When I first start writing a paper, I try right off the bat to write an introduction. While maybe I do not have an idea as to where I am going to go in the paper, I find that it helps me get started with thinking about the many ideas I have for the piece. I sit down at my desk, my laptop open in front of me and just type. After this, if I’m having a good writing day, I will continue. On these good writing days, inspiration has hit and I can write to my heart’s content. My fingers fly across the keyboard as sentence after sentence comes spilling out of my brain. On my bad days, my brain scrambles for the next word in the sentence and I inevitably end up deciding to wait for another day. I am not a procrastinator, when it comes to papers, so this (normally) is fine.
The second draft of the paper goes into a new document where I start cutting and editing word after word, sentence after sentence. I ask the questions; “What if I moved that to a new spot?”; “How can I expand upon or explain this better?” I try to rework the writing into a more cohesive paper, especially if it was written in more than one day. I play no music while I write, it distracts me and makes it difficult for my brain to find words. The final draft is where I decide where my edits helped and where they hindered. This sometimes means reverting back to something in an older draft and sometimes means reworking a newer one. Overall, I find that this helps me understand what works and what does not.

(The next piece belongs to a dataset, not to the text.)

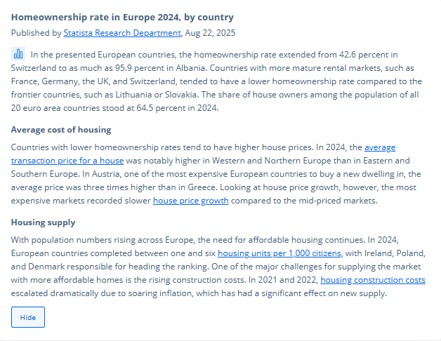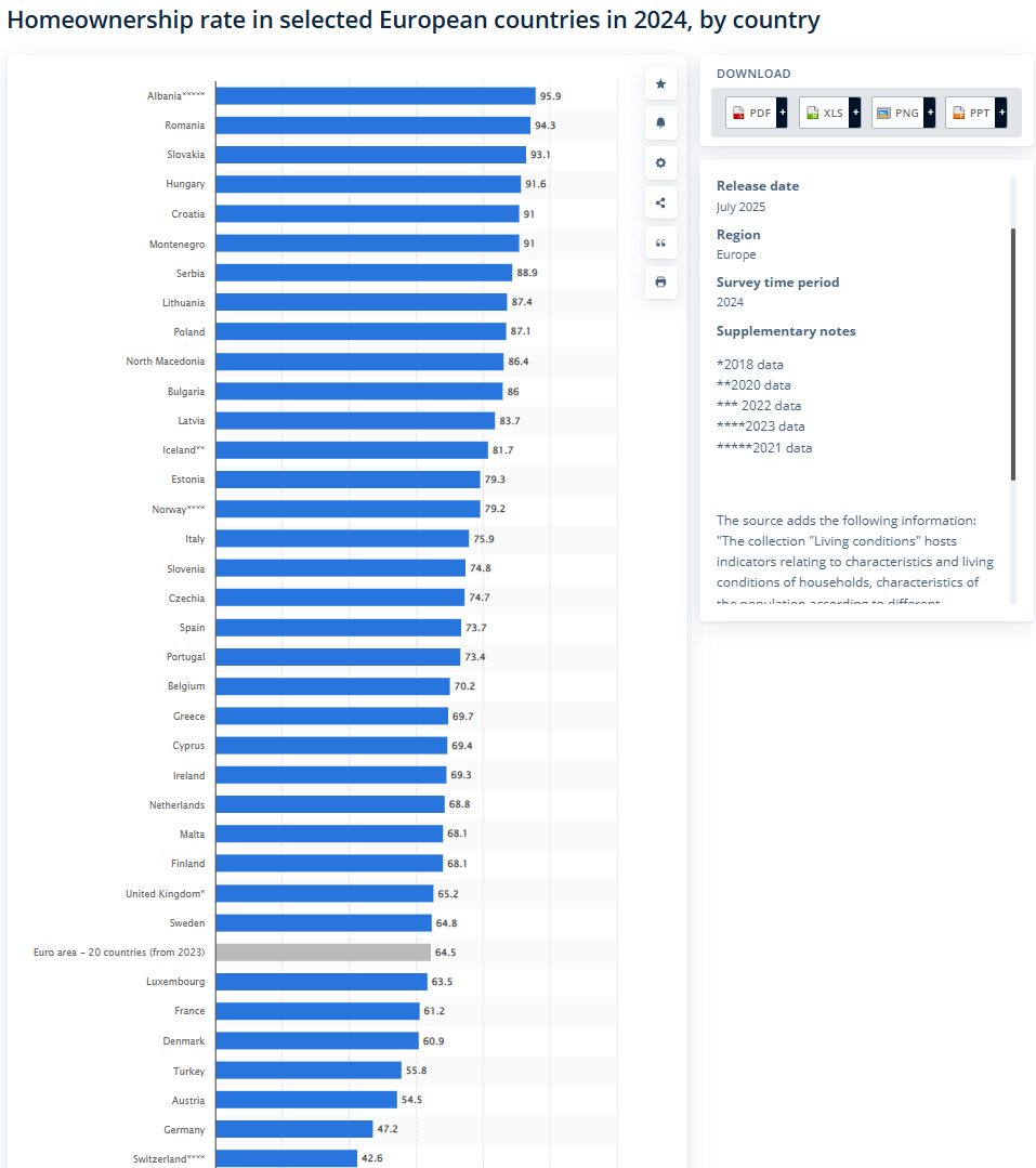 Според Statista в Румъния собствениците на жилища към 2024 г са 94% докато в България са 86%. По спомен, преди години тук също процентите бяха над 90 и бяха сходни с румънските.

I remember back in fourth grade, writing my stories, thinking that once I had finished a draft it meant it was done and ready to be published. That everything I wrote was worthy of a gold medal and if turned in would result in a “job well done.” Over the years, I have learned that the gold medal pieces come from gold medal effort and that “job well done” isn’t the same thing as a good product of writing. My writing habits are no longer jotting down “And then, and then, and then” sentences, they’ve evolved to multiple word documents and no music playing. The quality of my process has greatly increased.